Thursday, September 17, 2009

Evolve: Certified!

Well, an update, I took my test and passed! I am officially an NSCA certified personal trainer!

Monday, September 14, 2009

Got A Track? Use It!

Interval Training

One mode of cardiovascular training is running. Running is a very convenient form of aerobic training because you need little equipment and can do it almost anywhere. However, I will admit running in place on a treadmill for 30+ minutes can be awfully boring. To contrast the monotonous boredom of running in place, a few times a week I like to take my cardio outdoors, to my local track. On the track, I like to perform workouts that include continuous movement with intermittent burst of high intensity action. Ironically, this form of exercise closely mimics patterns of our ancestors. If you think about it, most of their days were spent relaxing, walking, hunting, and gathering, which would have included sprinting after prey or sprinting away from potential threats.

Our physiology is perfectly adapted to be able to run at high speeds and high intensities for short amounts of time. This type of workout is called interval training. Interval training is very challenging and gets the heart rate up to maximal levels, which provides for a fun and hard workout.

This type of training consists the Sprint and the Recovery phases.

Beginners: If you have not started an aerobic training program you may want to start with walking around the track and implementing short bursts of jogging (10-20 seconds at a time) for about 4 laps (1 mile). This will take roughly 15-20 minutes. The goal is to increase the jogging to a run for again (10-30 seconds at a time) for a mile. After a 2-4 weeks of this type of training progress to intermediate.

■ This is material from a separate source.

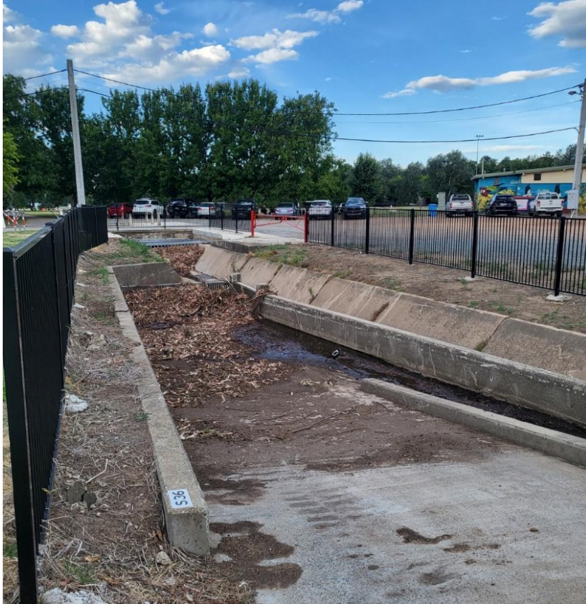
GPT 27 January 2025

Intermediate: Now that you are able to walk/run a mile you are ready to start a true interval training program with the Sprint and Recovery phases. The routine I like to perform is the 100 Yard Dash Interval Program. Basically it is running the straights of the track and walking the curves. You should aim for a 1:3 Sprint:Recovery ratio. Run the straight away as fast as you can (e.g. 15 seconds) and then recover by walking the curve 3x the sprint time (45 seconds). This should provide ample recovery time to continue again. Work up to a mile to 1.5 miles of this interval training (4-6 laps).

Advanced: If the program above becomes too easy (doubt it) you can make it more challenging by increasing your sprint speed or jogging the curves and sprinting the straights. This will decrease the work to recovery ratio to 1:2 making it harder! Again aim for (4-6 laps). Another alternative is running 200 meters or half a lap and either walking the second half or walking across the field for a smaller work to recovery ratio.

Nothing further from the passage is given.